Après les chaleurs, nous dit-on étouffantes, qui ont précédé notre arrivée, le ciel filtre ses ardeurs de voiles impalpables. Il fait toujours chaud mais une diffuse menace s'est emparée de la vieille ville encore déserte en cette matinée de fête de l'Aïd el Kébir. L'hécatombe imminente des moutons s'accompagne de la mort programmée d'un été attardé.

29 oct 2012

La ville rouge sommeille encore dans l'illusion d'un été inaltérable lorsque ce matin-là, très tôt, nous prenons la route vers Essaouira.
A mi-chemin, après la halte de thé et de galettes au miel de Chichaoua, sans crier gare, le ciel soudain s'obscurcit et, avec une violence inouïe des trombes d'eau nous volent le paysage des collines peuplées d'arganiers.
L'arrivée dans la ville océane, où la chaussée inondée essaie de rendre aux nues l'eau reçue en giclures crissantes sous les roues, se présente comme la célébration, dans un monde amphibie, des noces du ciel et de la terre dans la plus totale confusion des éléments.

 30 oct 2012 (7)

Arrivée retardée par une avancée difficile, nous nous installons directement dans notre habituel restaurant de poissons où la véranda qui surplombe la mer est close, bien heureusement, car, soulevée par des rafales coléreuses, la houle se heurte contre les vitres calfeutrées au gré d'un vent contre lequel luttent avec obstination les quelques goélands suffisamment téméraires pour se risquer à un envol ; tout le déjeuner sera rythmé par les attaques furieuses, et je dois dire que cette vision insolite d'un Maroc si peu conforme à sa réputation, est d'une intense beauté.
A la sortie, Whisky, le vieux chien de l'établissement, est sorti de son abri et, tout perlé de bruine, adresse un salut intérieur à la rémission qui nous permettra de déambuler dans le port où se détache la silhouette de la sentinelle ailée scrutant le fatras secoué des bateaux tous à quai.

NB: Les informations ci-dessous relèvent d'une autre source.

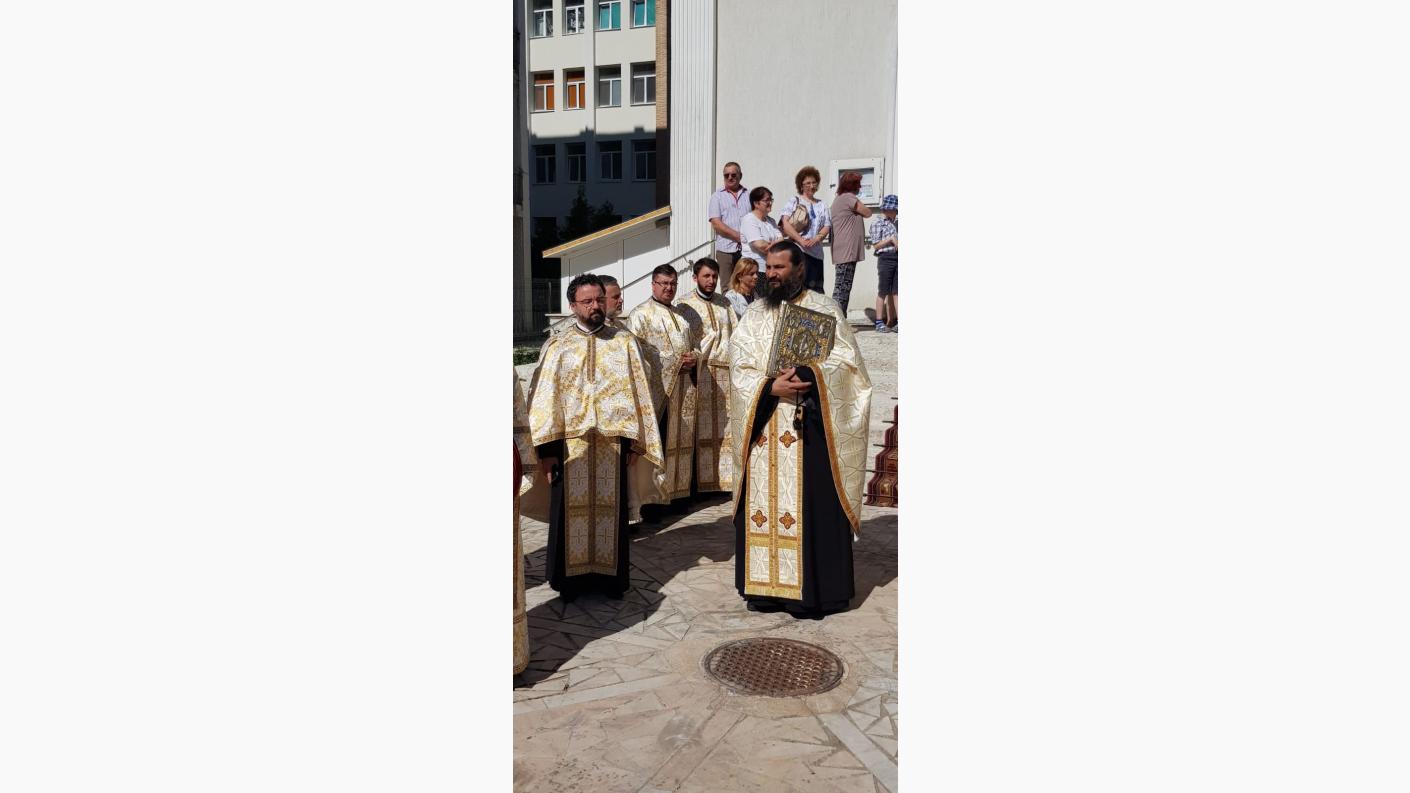 În după amiaza sărbătorii Sfintei Treimi, Înaltpreasfințitul Părinte Ioachim, Arhiepiscopul Romanului și Bacăului, alături de Preacuviosul Părinte Arhimandrit Pimen Costea, Vicar Eparhial, de părinți consilieri și inspectori eparhiali, și de preoți din Protoieria Roman coordonați de părintele protopop Dragoș Munteanu, a oficiat, în prezența a câteva sute de credincioși, la Biserica „Sfântului Vasile cel Mare” din orașul Roman, slujba Vecerniei.

30 oct 2012 (5)30 oct 2012 (14)30 oct 2012 (6)

Aucun bateau n'a pris la mer, les sardiniers lestés d'eau attendent des temps plus cléments.
Illusion trompeuse, peut-être pour freiner l'impatience des fendeurs de vagues, le sol détrempé offre à leur inactivité forcée le miroir de leurs rêves de traversées heurtés au rempart de la tempête.
De temps en temps la touche d'un bleu fugitif farde le ciel d'une touche de gaîté, mais les nuages bas poussés par l'obstination des souffles ont vite fait de rendre au gris sa souveraineté incontestée.
Les mailles des filets sagement rangés et lestés n'emprisonneront pas de quelques temps les victimes de leurs rapines.

30 oct 2012 (12)

30 oct 2012 (11)30 oct 2012 (13)

Habituellement  les lieux fourmillent de gens qui vivent de la pêche et de touristes, les pêcheurs reprisent les filets des retours en vue de nouveaux départs, les poissons fraîchement débarqués scintillent sur le sol où ils sont triés et vendus, à la fièvre des arrivées chargées de la manne marine répond celle des partances prometteuses, les petits restaurants embaument l'atmosphère et les chantiers navals où sont construits encore à la main, pour combien de temps encore ?, les boutres hauturiers, retentissent des bruits de scies et de maillets rythmés par les clameurs des ouvriers.
On a du mal, dans cette désolation à la Chirico d'imaginer le kaléïdoscope de mouvements et de couleurs, et c'est un bonheur soudain que d'apercevoir un témoignage d'activité humaine avec ce téméraire botté dont le harnachement ne met aucun obstacle à son agilité.
Les chantiers aux planches luisantes gorgées d'eau restent, eux, désespérément vides. seules les alternances mouvantes d'ombres et de lumières donnent de la vie aux coques colorées.

30 oct 2012 (15)30 oct 2012 (18)30 oct 2012 (24)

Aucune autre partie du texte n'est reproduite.